I have not (yet?) found a particularly minimal example for this issue, but I will post what I have so far.

With the following code, I am finding that in some* runs, the final result (which should be 0) is

       + ep^4*prf(m4^7 - m4^7,m4^14 + 2*m4^7 + 1)

or

       + ep^4*prf(m4^7 - m4^7,m4^7 + m4^14 + 1 + m4^7)
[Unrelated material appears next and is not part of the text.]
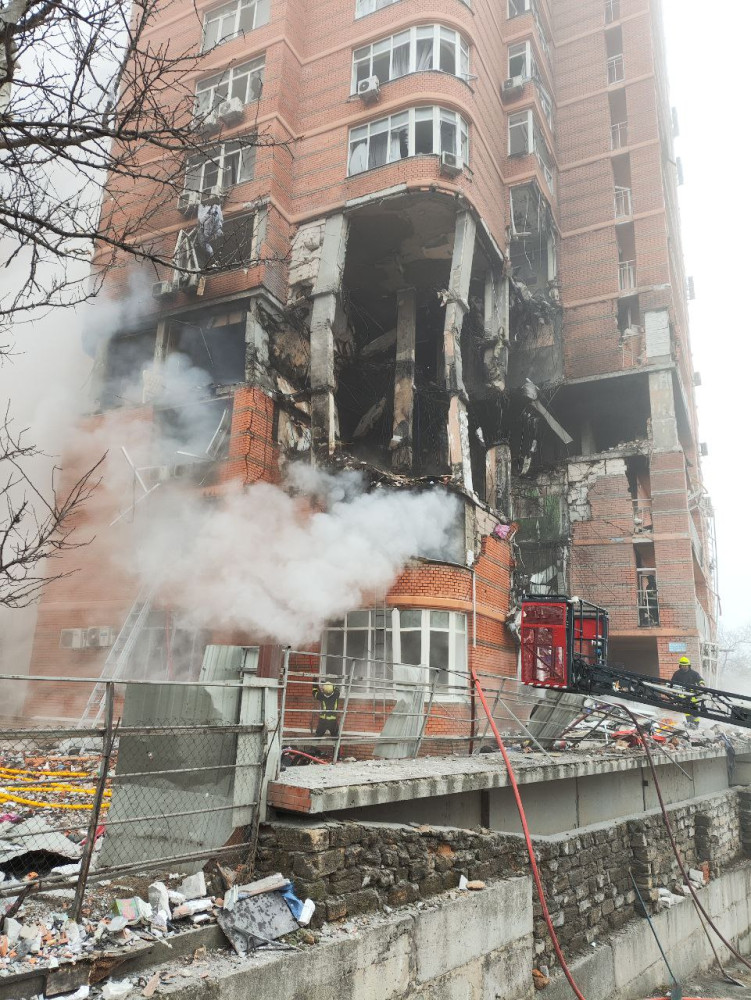 Евакуацію мешканців будинку, куди вранці прилетіла ворожа ракета, і розбір завалів проводять одеські рятувальники.

The problem occurs in both tform and tvorm, 4,1, 4.2.0 and the latest git, and tvorm inside valgrind (but valgrind does not report any errors).

: problems start at -w3. For 3,5 threads there are problems ~ 2.4%,1.4% of the time. -w3 seems to produce only* the first output above. All other cases produce both. For even numbers of threads the problem is less frequent, more like 0.13% of runs.

The code is as follows. I have attached the necessary includes. They need renaming to .h.

#-
Off Statistics;

CFunction prf,den;
AutoDeclare Symbol n,m,ep;

#include- test-expanded-tiny.h
.sort
PolyRatFun prf;

#message Loading mma results...
#include- test-result-tiny.h
.sort

Drop;
Local diff7 = test7 - result7;
.sort

Denominators den;
FactArg den;
Repeat Identify den(?a,ep,?b) = 1/ep*den(?a,?b);
Repeat Identify den(n?,m?,?a) = den(n*m,?a);
Identify den(n?) = prf(1,n);

#do i = 1,5
    Identify m`i'^n? = prf(m`i'^n,1);
    Identify n`i'^m? = prf(n`i'^m,1);
#enddo
.sort

Print +s diff7;

.end

test-expanded-tiny.txt test-result-tiny.txt

I will attempt to find a more trivial example later...

Thanks, Josh.

tueda commented 6 years ago

An experiment (though I don't know the meaning of this probablity distribution and also fluctuation uncertainty):

-w3  count=10000 good=9543 bad=457
-w4  count=10000 good=9869 bad=131
-w5  count=10000 good=9750 bad=250
-w6  count=10000 good=9578 bad=422
-w7  count=10000 good=9761 bad=239
-w8  count=10000 good=9815 bad=185
-w9  count=10000 good=9876 bad=124
-w10 count=10000 good=9885 bad=115
-w11 count=10000 good=9920 bad=80
-w12 count=10000 good=9932 bad=68
-w13 count=10000 good=9968 bad=32
-w14 count=10000 good=9957 bad=43
-w15 count=10000 good=9965 bad=35
-w16 count=10000 good=9989 bad=11

tueda commented 6 years ago

A slightly reduced version (test.frm):

#-
Off stats;

CF prf;
S ep,n1,m4,m1,m2,m3,n2,n3,n4;

#include test.txt
*repeat id prf(m1?,m2?)*prf(n1?,n2?) = prf(m1*n1,m2*n2);  * (1) doesn't change
ModuleOption noparallel;
.sort

PolyRatFun prf;
*ModuleOption noparallel;  * (2) workaround
.sort

P;
ModuleOption noparallel;
.sort

#if termsin(diff7)
  #terminate
#endif

ModuleOption noparallel;
.end

with test.txt test.sh

Usage: ./test.sh -w3

(NOTE: because FORM doesn't handle Ctrl+C in the normal way, the above shell script is hard to stop by Ctrl+C. You need to use Ctrl+Z and then kill the job.)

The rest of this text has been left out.